A. sung song B. written C. other D. sisters
PART 3: Supply the proper forms of the words in brackets. (0.25 x 4 = 1 pt)
In the popular imagination, lions hunting for food present a marvel of group choreography: in the
dying light of sunset, a band of stealthy cats springs forth from the shadows like trained assassins and
surrounds its (1. suspect) ______________ prey. The lions seem to be archetypal social animals, rising
above petty dissension to work together towards a common goal - in this case, their next meal. But after
spending many years observing these creatures in the wild, we have (2. acquisition) ______________ a
less exalted view.
When we started our research in 1978, we hoped to discover why lions teamed up to hunt, rear cubs
and among other things, scare off rivals with chorused roars. If the ultimate success of an animal’s behavior
is measured by its lifetime production of surviving offspring, then cooperation does not necessarily pay: if an
animal is too generous, its companions benefit at its expense. Why, then, did not the (3. evolve)
___________________ rules of genetic self-interest seem to apply to lions?
We confidently assumed that we would be able to resolve that issue in two to three years. But lions
are supremely adept at doing nothing. To the list of inert noble gases, including krypton, argon and neon, we
would add lion. Thus it has taken a variety of research measures to (4. cover) ___________________ clues
about the cats’ behavior. Because wild lions can live up to 18 years, the answers to our questions are only
now becoming clear.

IV. WRITING:
PART 1: Complete the sentences without changing the meaning, using the words in brackets.

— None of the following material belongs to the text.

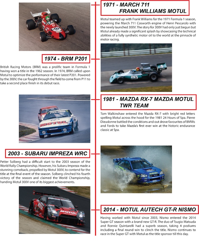 在1971 年之前,Motul 已积极参与赛车运动,为众多车队赢得比赛提供动力。受 Motul 第 300 次胜利的启发,Motul推出全新300V 品牌的全合成机油。虽然这款机油今天可以在商业市场上购得,但 300V 最初是专为赛车应用而调配的,以合成基础油和酯类添加剂完美地协同动力和可靠性。这项名为 ESTERCore ® 的技术突破使 300V 能够在极端条件和持续压力下保持表现,甫推出即获得完美的胜利机油的赞誉。多年来,300V 已被世界各地许多车厂的赛车队采用,确保他们的赛车从比赛开始到结束都保持极限表现。

Do not change the word given. (4 x 0.25 = 2 pts)
1. My impression of him was that he was a very capable person. (STRUCK)
He _______________________________________________-.
2. My salary is half what I would be in the job I was offered in January. (TWICE)
If ________________________________________________________________.
3. The fighting finally caused the talks to grind to a halt. (down)
=> The talks_____________________________________________the fighting.
4. This may sound silly, but I cannot remember her name.(escapes)
=> Silly ________________________________________________me.
PART 2: Essay writing (3 pts)
It is widely agreed that social media has really changed the way we communicate with each other.
Some people like it, others are against it.
Write an essay (about 250-300 words) giving your own opinion on the issue.